Records for the task Start Marker
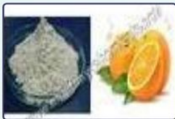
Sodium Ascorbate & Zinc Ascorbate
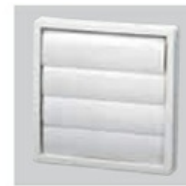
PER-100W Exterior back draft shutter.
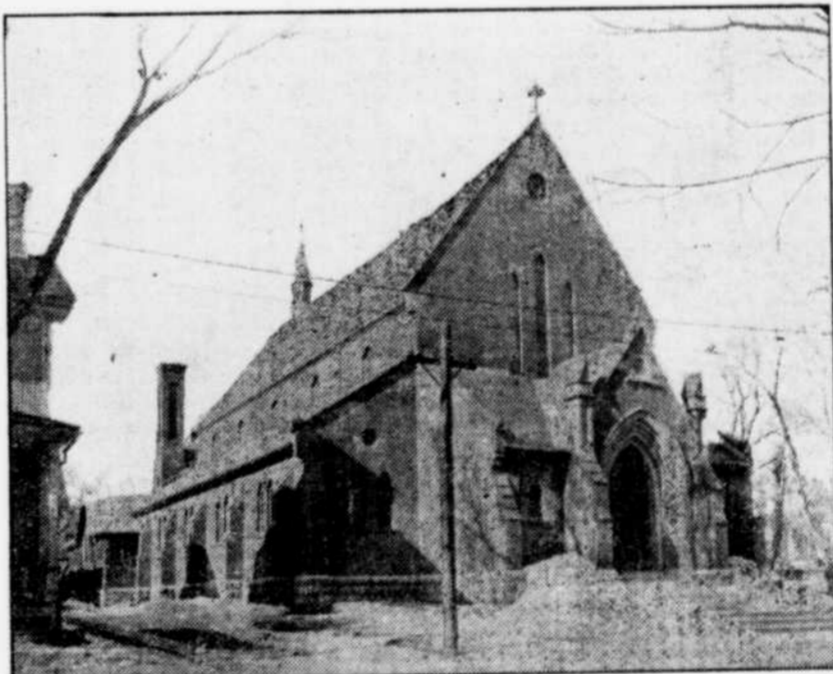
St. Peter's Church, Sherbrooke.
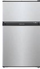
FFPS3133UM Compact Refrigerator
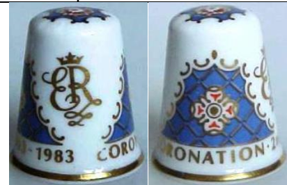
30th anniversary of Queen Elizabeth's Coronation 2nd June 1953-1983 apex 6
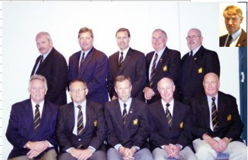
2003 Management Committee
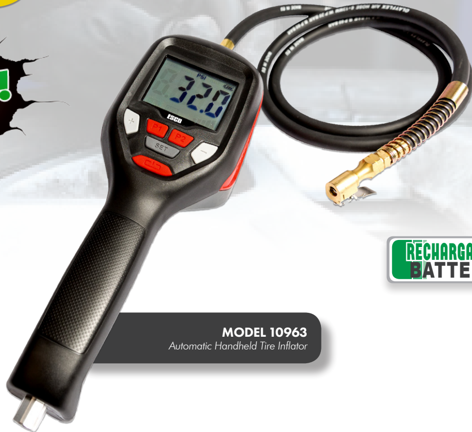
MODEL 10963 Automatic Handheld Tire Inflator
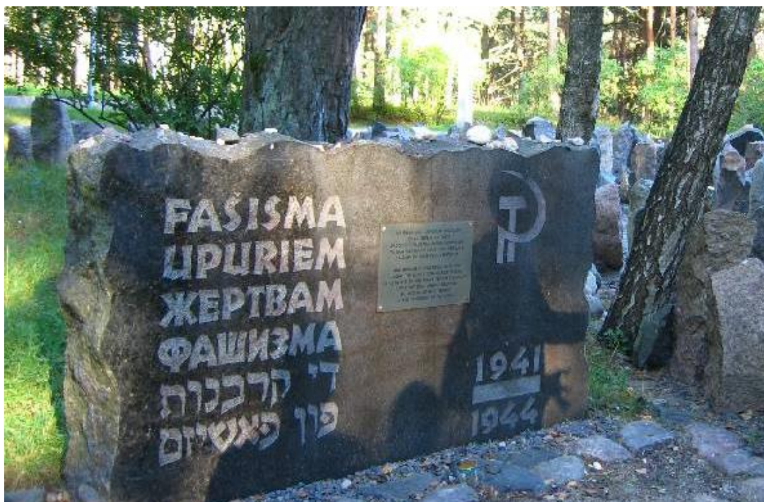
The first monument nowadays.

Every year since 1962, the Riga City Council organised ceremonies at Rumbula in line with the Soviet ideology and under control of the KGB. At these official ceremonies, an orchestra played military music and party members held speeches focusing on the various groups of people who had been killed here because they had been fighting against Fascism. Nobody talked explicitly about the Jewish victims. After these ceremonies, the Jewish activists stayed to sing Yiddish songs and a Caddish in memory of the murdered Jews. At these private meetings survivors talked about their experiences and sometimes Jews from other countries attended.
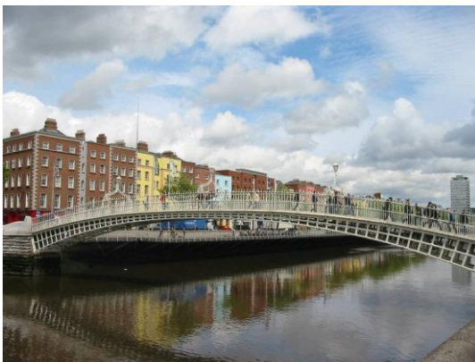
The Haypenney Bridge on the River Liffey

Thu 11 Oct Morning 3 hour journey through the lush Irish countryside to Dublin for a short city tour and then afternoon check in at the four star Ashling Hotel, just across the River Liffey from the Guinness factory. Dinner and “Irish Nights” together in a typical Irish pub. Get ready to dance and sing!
Records for the task End Marker
Records for the task Start Marker
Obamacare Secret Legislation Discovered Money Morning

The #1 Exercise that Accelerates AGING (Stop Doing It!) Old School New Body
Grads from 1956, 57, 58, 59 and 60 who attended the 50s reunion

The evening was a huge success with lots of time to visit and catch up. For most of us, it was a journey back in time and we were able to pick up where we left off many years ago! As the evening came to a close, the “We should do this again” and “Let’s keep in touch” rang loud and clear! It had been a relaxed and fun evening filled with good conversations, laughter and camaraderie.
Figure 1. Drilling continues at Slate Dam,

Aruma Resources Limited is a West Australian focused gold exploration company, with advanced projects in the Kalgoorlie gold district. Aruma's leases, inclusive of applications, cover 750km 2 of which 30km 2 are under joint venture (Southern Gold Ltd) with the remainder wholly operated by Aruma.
Records for the task End Marker
What you should do
Go to the line above holding "FFPS3133UM Compact Refrigerator", then copy exactly each line down to and including the one holding "Thu 11 Oct Morning", leaving pictures out.

Written response
FFPS3133UM Compact Refrigerator
30th anniversary of Queen Elizabeth's Coronation 2nd June 1953-1983 apex 6
2003 Management Committee
MODEL 10963 Automatic Handheld Tire Inflator
The first monument nowadays.

Every year since 1962, the Riga City Council organised ceremonies at Rumbula in line with the Soviet ideology and under control of the KGB. At these official ceremonies, an orchestra played military music and party members held speeches focusing on the various groups of people who had been killed here because they had been fighting against Fascism. Nobody talked explicitly about the Jewish victims. After these ceremonies, the Jewish activists stayed to sing Yiddish songs and a Caddish in memory of the murdered Jews. At these private meetings survivors talked about their experiences and sometimes Jews from other countries attended.
The Haypenney Bridge on the River Liffey

Thu 11 Oct Morning 3 hour journey through the lush Irish countryside to Dublin for a short city tour and then afternoon check in at the four star Ashling Hotel, just across the River Liffey from the Guinness factory. Dinner and “Irish Nights” together in a typical Irish pub. Get ready to dance and sing!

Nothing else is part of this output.